RECORDED INFORMATION START

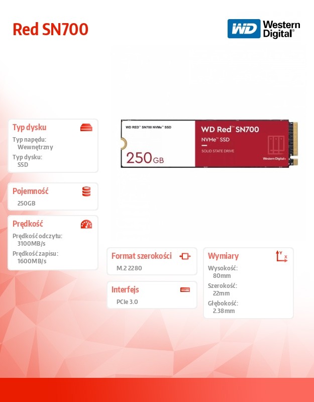 Dysk SSD Red 250GB SN700 2280 NVMe M.2 PCIe
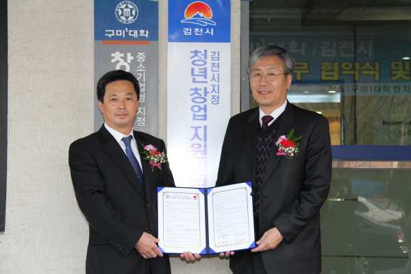 이에 따라 23일 본교 창업보육센터에서 열린 업무협약식 및 현판식을 통해 구미1대학 창업보육센터(센터장 서영택)는 1년간 김천시 소재 35세 미만의 청년 창업자를 발굴하여 예비창업자를 육성하는 사업을 진행한다.
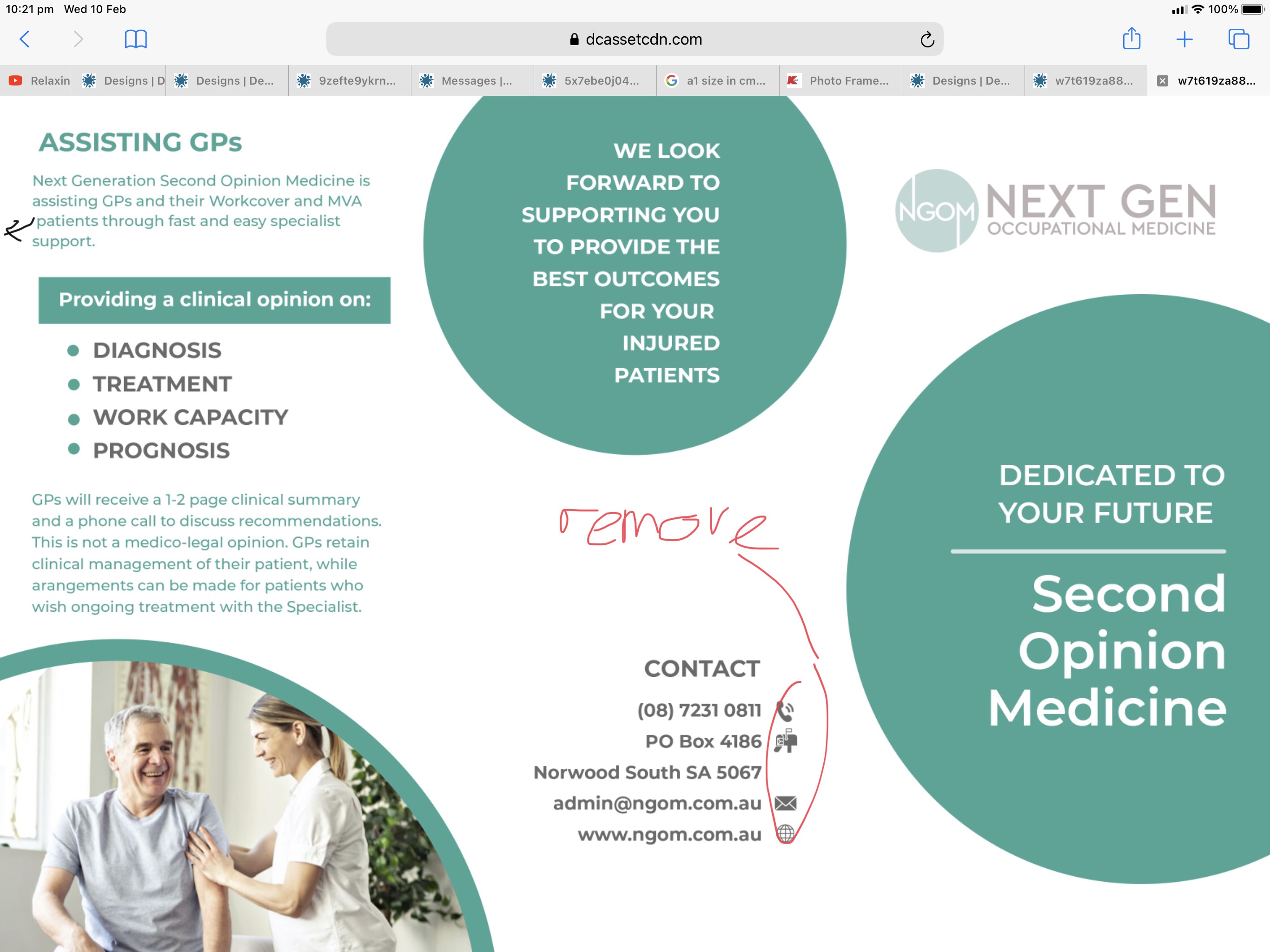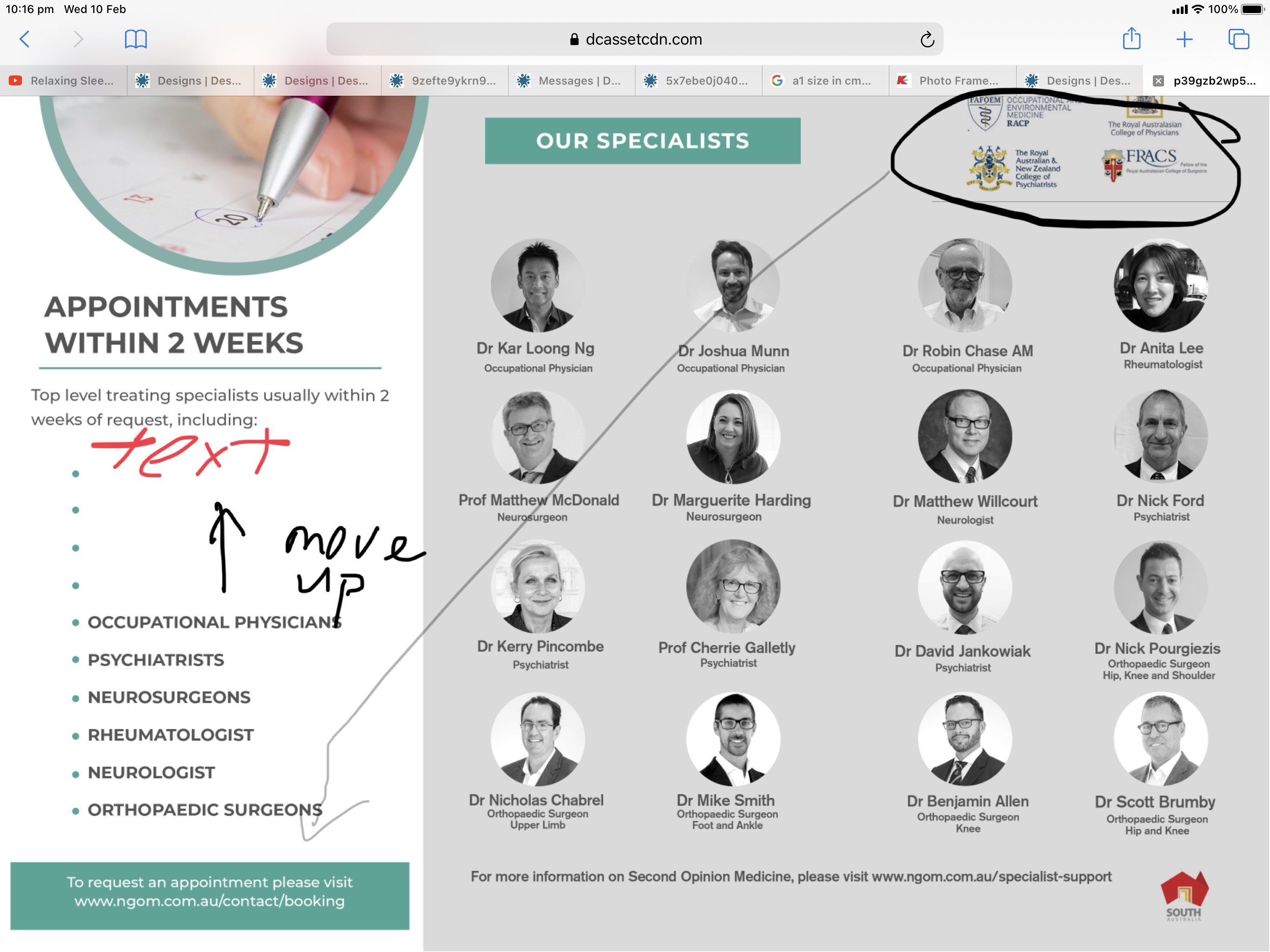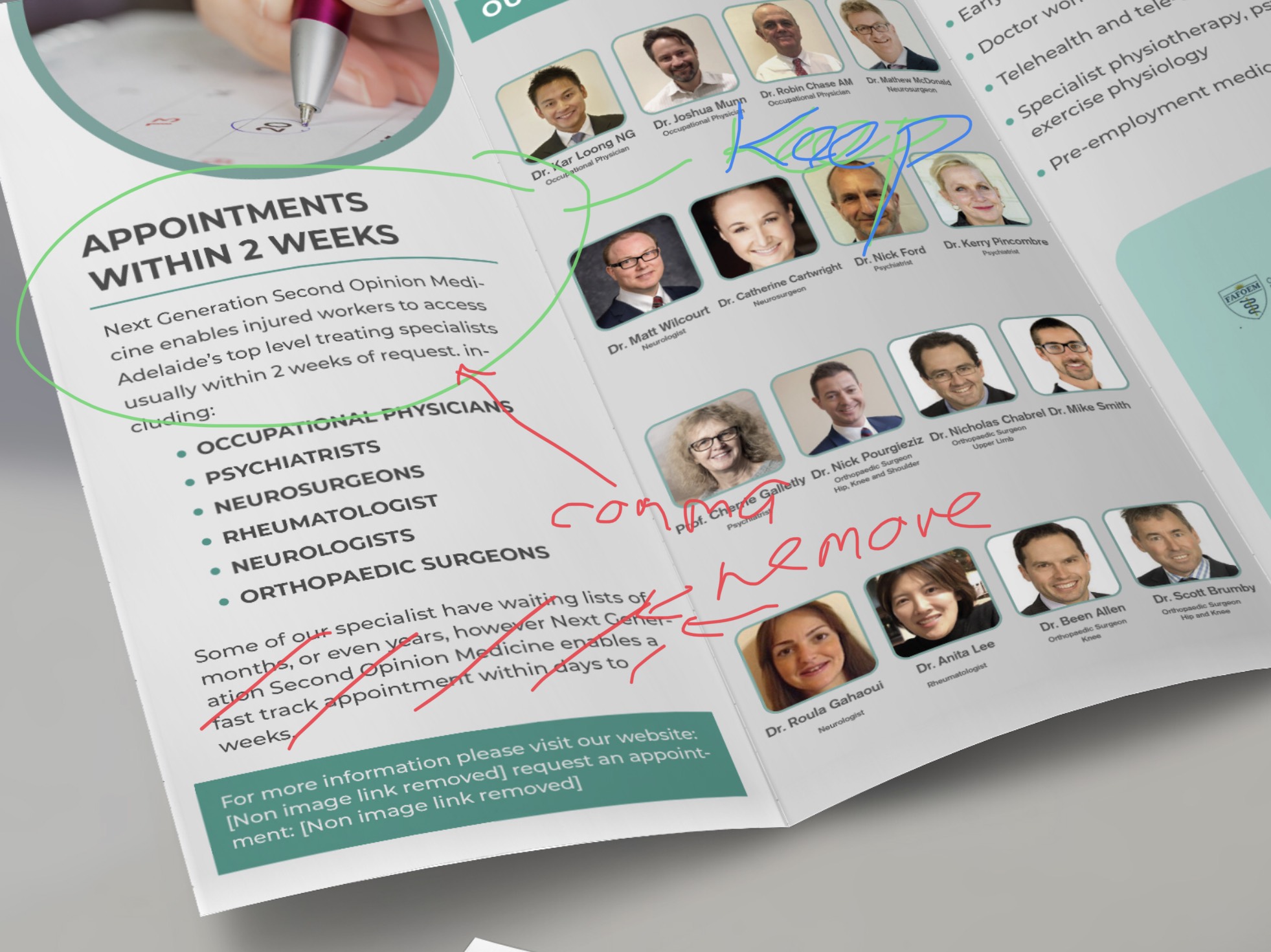 We need a brochure to give to General Practitioners. We are a group of medical specialists offering fast appointments for GPs and their patients. The service is called Second Opinion Medicine. Our old brochure has been uploaded and we wish to update it with our new logo and colour scheme. For specialist photos - we need 16 frames,

RECORDED INFORMATION END

» TASK INSTRUCTIONS: Begin with the line that contains "이에 따라 23일 본교" and repeat every line through the end of the data, exactly and only those lines, leaving out the pictures.

» REPLY TO THE TASK:
 이에 따라 23일 본교 창업보육센터에서 열린 업무협약식 및 현판식을 통해 구미1대학 창업보육센터(센터장 서영택)는 1년간 김천시 소재 35세 미만의 청년 창업자를 발굴하여 예비창업자를 육성하는 사업을 진행한다.
 We need a brochure to give to General Practitioners. We are a group of medical specialists offering fast appointments for GPs and their patients. The service is called Second Opinion Medicine. Our old brochure has been uploaded and we wish to update it with our new logo and colour scheme. For specialist photos - we need 16 frames,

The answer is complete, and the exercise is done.